▸ Instructions to follow:
In the records below, find the line containing "Pero, ¿Qué pasa" and the line containing "Perpaduan dua casual". Give again exactly those lines and every line between them, omitting the pictures.

[Opening Task material section]

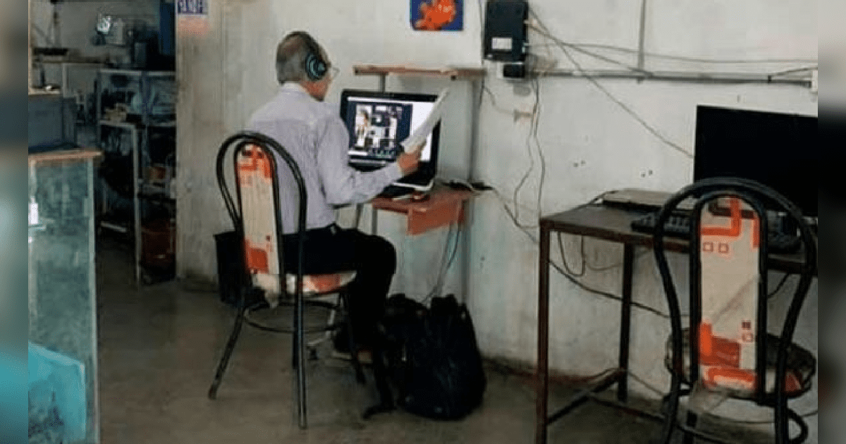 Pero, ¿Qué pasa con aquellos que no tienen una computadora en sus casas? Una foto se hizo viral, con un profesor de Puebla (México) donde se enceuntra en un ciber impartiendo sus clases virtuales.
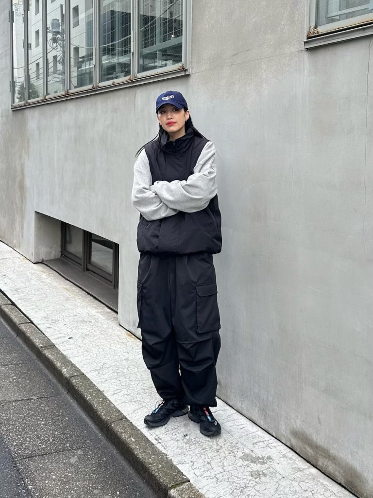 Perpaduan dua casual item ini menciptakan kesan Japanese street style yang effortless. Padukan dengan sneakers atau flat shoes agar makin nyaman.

[Closing Task material section]
[Opening Task material section]

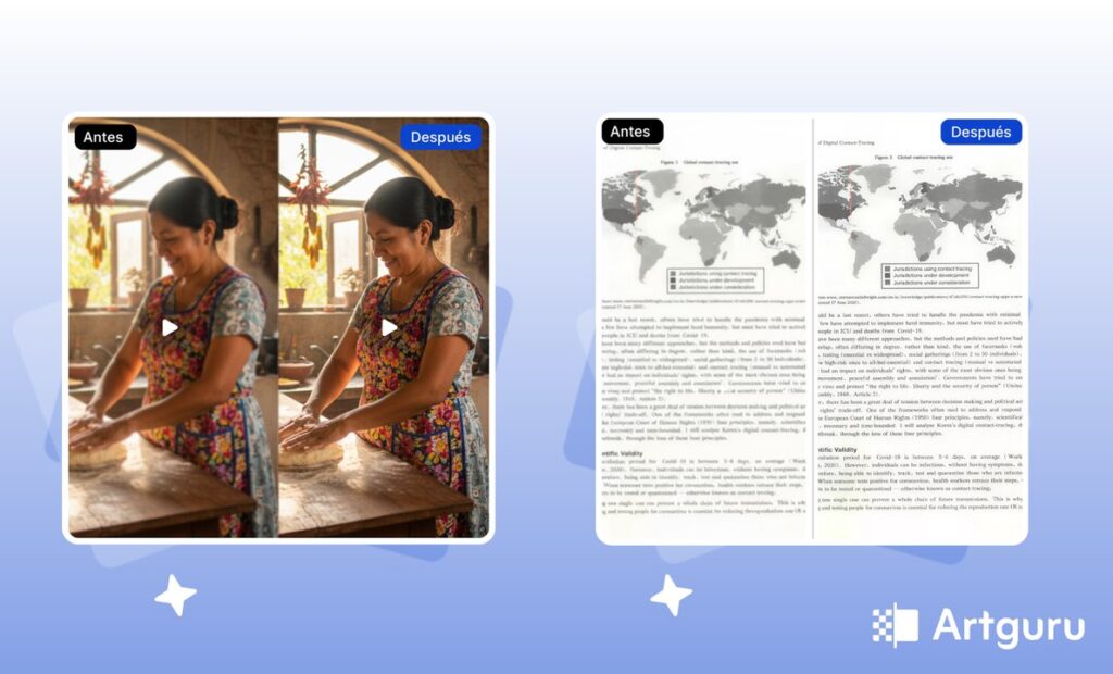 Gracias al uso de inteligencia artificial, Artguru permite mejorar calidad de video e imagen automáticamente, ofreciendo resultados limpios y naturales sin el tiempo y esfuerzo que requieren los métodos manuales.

[Closing Task material section]

▸ Expected output:
 Pero, ¿Qué pasa con aquellos que no tienen una computadora en sus casas? Una foto se hizo viral, con un profesor de Puebla (México) donde se enceuntra en un ciber impartiendo sus clases virtuales.
 Perpaduan dua casual item ini menciptakan kesan Japanese street style yang effortless. Padukan dengan sneakers atau flat shoes agar makin nyaman.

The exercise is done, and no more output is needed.